Extracted information ->
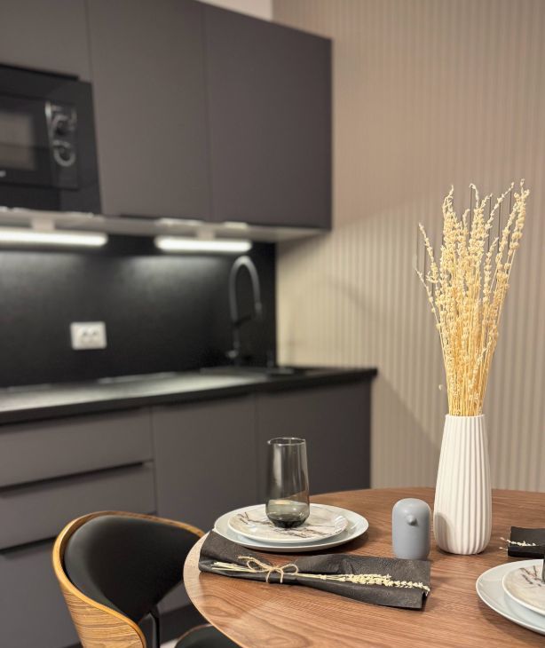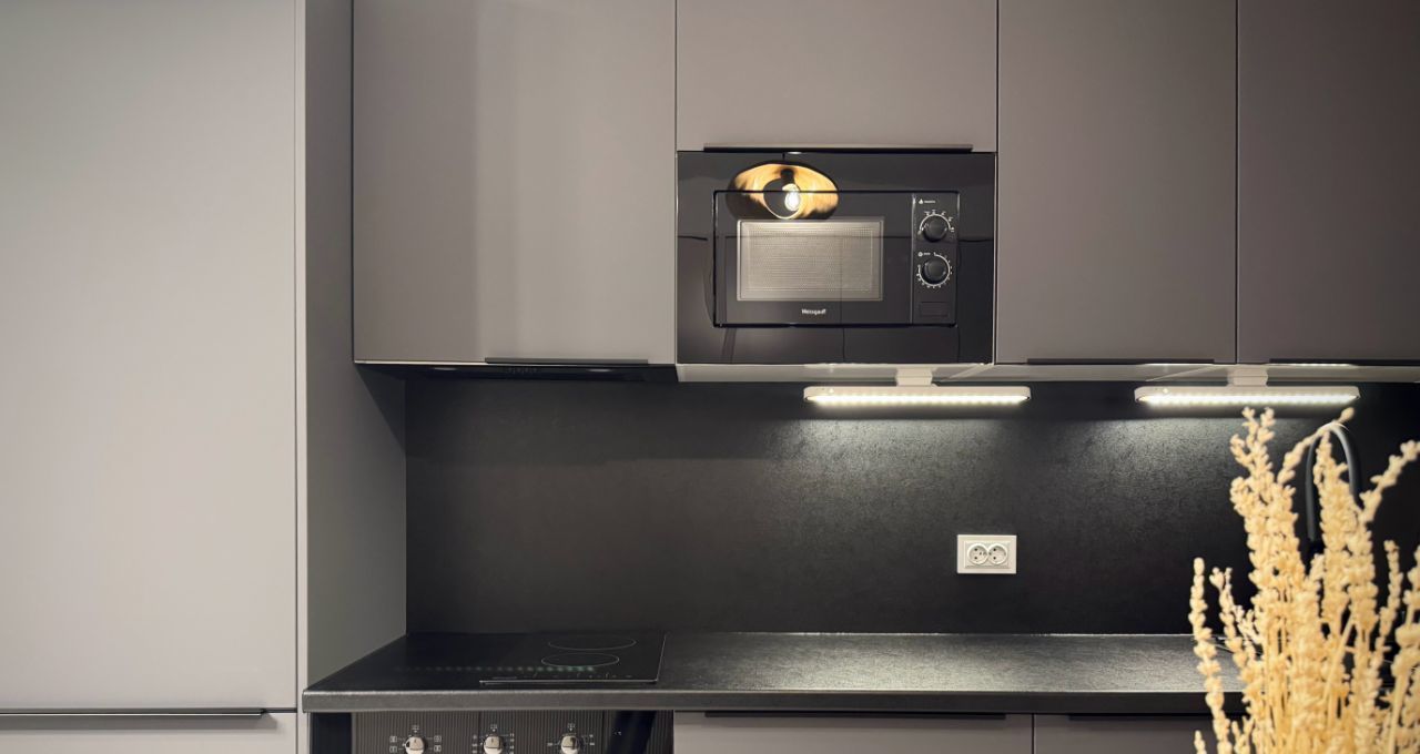 - Современная встроенная кухня (Варочная Панель, Духовой шкаф, Встроенная СВЧ, Посудомоечная машина, Встроенный Холодильник, Встроенная Вытяжка.
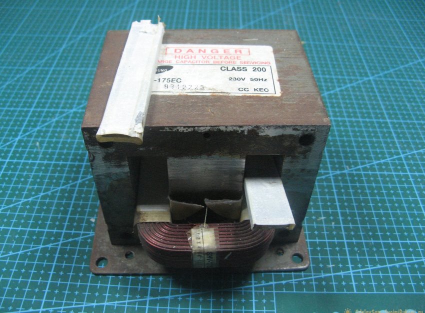 Первым этапом с трансформатора микроволновки снимаем вторичную высоковольтную обмотку, она намотана более тонким проводом. Спиливаем, и выбиваем остатки железным штырем. У меня обмотка медная, в последнее время попадается алюминиевая.
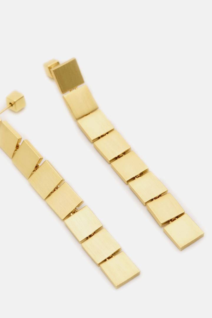 Pendientes largos bañados en oro formados por colgantes de cubos. Cierre con tuerca a presión en forma de cubo.
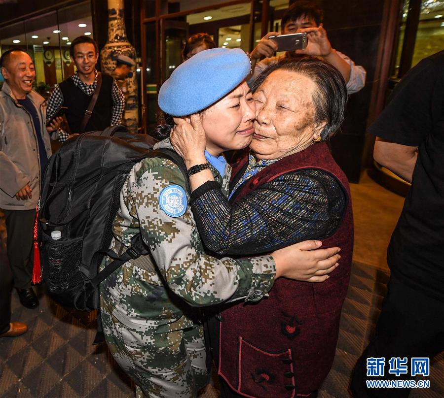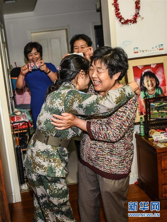 原沈阳军区总医院放射诊断科主管技师张兵(左)给女儿佩戴自己从马里带回的礼物(5月18日摄)。 夏初,沈阳,午夜。 27个月大的杨悦芯,在胡桃木色的儿童床里睡得香甜。手臂上,几下抚摸,杨悦芯从梦中醒来。懵懂睁开眼看见,弯腰立于床前的,是阔别一年之久的妈妈。 “宝贝,我是妈妈。我回来了。” “妈妈。” “哎。” 瞬间泪奔的周姝,回身紧紧抓住丈夫手肘。“听到了吗?她叫我妈妈。她还认识我。” 这声“妈妈”迟到了多久,周姝就在非洲马里期盼了多久。 5月18日下午,由原沈阳军区总医院抽组的维和医疗队第一梯队40名成员,抵达长春龙嘉机场,安全返回祖国,圆满完成在马里的一年维和任务。新华社记者潘昱龙 摄
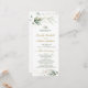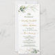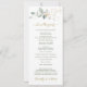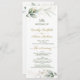 Cartão do Programa de Casamento Elegante com folhagem verde e ouro em estilo aquarela e confete de efeito de ouro.
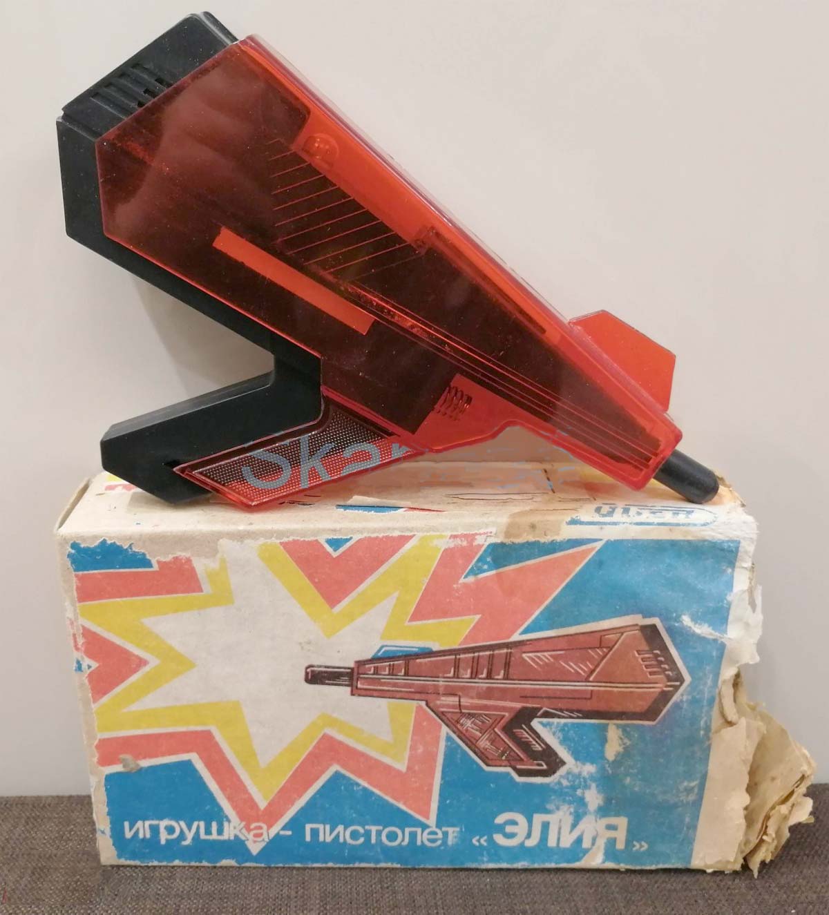 Игрушка - пистолет "Элия" выпускался предположительно с 1987 года Нальчикским заводом полупроводниковых приборов. Световой и звуковой бластер. Предназначен для детей 8...12 лет.

About this exercise ->
Copy exactly, and only, the lines from the first line of the material through the line that contains "Cartão do Programa", both ends kept; no pictures.

Response area ->
 - Современная встроенная кухня (Варочная Панель, Духовой шкаф, Встроенная СВЧ, Посудомоечная машина, Встроенный Холодильник, Встроенная Вытяжка.
 Первым этапом с трансформатора микроволновки снимаем вторичную высоковольтную обмотку, она намотана более тонким проводом. Спиливаем, и выбиваем остатки железным штырем. У меня обмотка медная, в последнее время попадается алюминиевая.
 Pendientes largos bañados en oro formados por colgantes de cubos. Cierre con tuerca a presión en forma de cubo.
 原沈阳军区总医院放射诊断科主管技师张兵(左)给女儿佩戴自己从马里带回的礼物(5月18日摄)。 夏初,沈阳,午夜。 27个月大的杨悦芯,在胡桃木色的儿童床里睡得香甜。手臂上,几下抚摸,杨悦芯从梦中醒来。懵懂睁开眼看见,弯腰立于床前的,是阔别一年之久的妈妈。 “宝贝,我是妈妈。我回来了。” “妈妈。” “哎。” 瞬间泪奔的周姝,回身紧紧抓住丈夫手肘。“听到了吗?她叫我妈妈。她还认识我。” 这声“妈妈”迟到了多久,周姝就在非洲马里期盼了多久。 5月18日下午,由原沈阳军区总医院抽组的维和医疗队第一梯队40名成员,抵达长春龙嘉机场,安全返回祖国,圆满完成在马里的一年维和任务。新华社记者潘昱龙 摄
 Cartão do Programa de Casamento Elegante com folhagem verde e ouro em estilo aquarela e confete de efeito de ouro.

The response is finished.